Court backlogs for murder and rape trials may not be cleared for another three years, Scotland’s Auditor General has warned.
In a new report, auditors assessed court backlogs in Scotland which built up during the Covid-19 pandemic.
In February this year, 28,029 total trials were outstanding compared to 43,606 in January 2022.
The reduction in waits has been credited to Scottish Government efforts which included having jury centres in cinemas and extra courts.
However, while significant progress has been made to reduce delays for summary trials such as common assault and robbery, victims may wait until March 2026 before the most serious of crimes are brought to court.
According to auditors, the backlog of High Court and sheriff solemn cases – the most serious crimes – reached their highest level in January 2023, with about 600 High Court cases and 2,500 sheriff court delays.
In comparison, summary cases have decreased from 40,860 outstanding trials in January 2022 to 24,946 in February 2023.
These delays in bringing these cases to court are expected to be cleared by March 2024.
Reducing the backlogs for solemn cases is challenging because of the increasing numbers of cases coming to court, auditors said.
Since the beginning of 2021/22, sheriff solemn case numbers have continued to be higher than pre-Covid levels, with the quarterly average of 1,441 in 2022/23 compared to 1,296 in 2018/19.
Auditor General Stephen Boyle has warned the Scottish Government’s delivery plan to address further backlogs must be in place “as soon as possible”.
Its publication was due in August 2022 but is now expect this summer.
Mr Boyle said: “The criminal trial backlog that built up during the pandemic has been substantially reduced thanks to effective partnership working, good use of data and innovation.

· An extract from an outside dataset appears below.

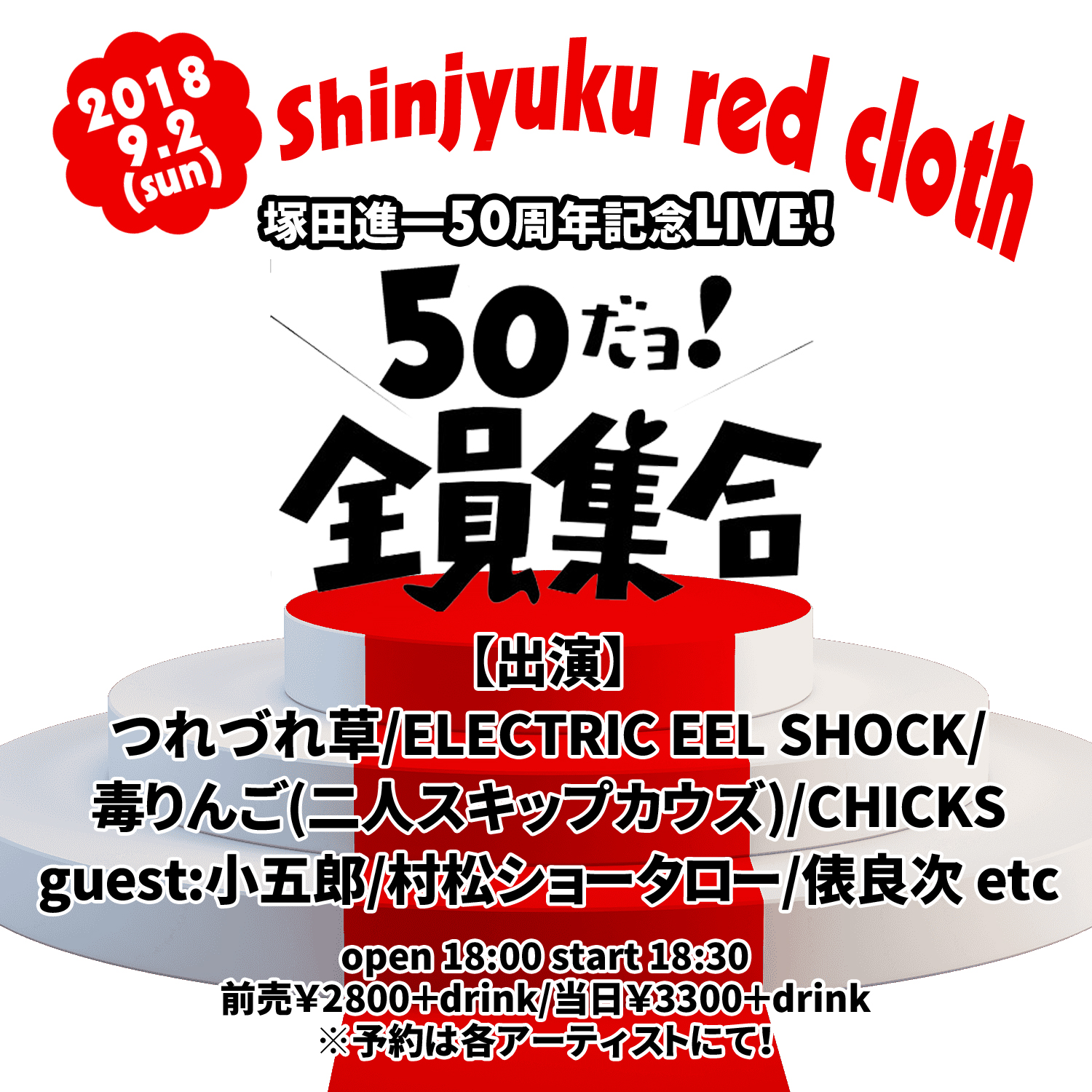 2018年9月2日(日)新宿レッドクロス 塚田進一50周年記念LIVE!「50だよ!全員集合」(2人スキップカウズ) ■2018年9月2日(日)新宿レッドクロス 塚田進一50周年記念LIVE! 「50だよ!全員集合」 出演:つれづれ草/ELECTRIC EEL SHOCK/毒りんご(二人スキップカウズ)/CHICKS guest:小五郎/村松ショータロー/俵良次 etc open 18:00 start 18:30 前売¥2800+drink/当日¥3300+drink 前の記事 次の記事

“But while the overall number has come down, the wait times for the most serious crimes, such as rape, have increased. And those delays come with a human cost for victims, witnesses and defendants.
“That is why it’s vital that the Scottish Government has a delivery plan in place as soon as possible to further address the backlog and reform the criminal courts system.”
Scottish Conservative justice spokesman Jamie Greene said rape, murder and serious assault victims “are being failed” by ministers due to “extremely distressing” delays.
Liam McArthur, the Liberal Democrat justice spokesman, said the Scottish Courts and Tribunal Service deserves credit for driving down court backlogs, but “there is still much to do” in addressing waits for the most serious crimes.
Kate Wallace, chief executive of Victim Support Scotland, said the reduction in backlogs is “encouraging”.
But she said of the delays: “Families tell us this timeframe is unacceptable, traumatising and often they feel unable to grieve the loss of a family member during this long and protracted process.
“The scale of the backlog continues to have a huge negative impact on the health and wellbeing of any person affected by crime, and even more so for the most serious cases.
“With court proceedings being postponed multiple times, many victims feel unable to move on with their lives.”
A Scottish Government spokesperson said: “We welcome Audit Scotland’s report, which recognises the hard work of justice partners during the Covid pandemic and the significant progress made in reducing the subsequent backlog of criminal trials.
“We know how distressing delays to cases can be for all involved, and have been working with partners to mitigate the impact of the backlog.
“This includes expanding the use of pre-recorded evidence and introducing legal aid reforms to reduce the number of cases that need to proceed to trial.
“The Scottish Government will publish a delivery plan setting out further actions for the continued recovery and reform of the criminal justice system in the summer.”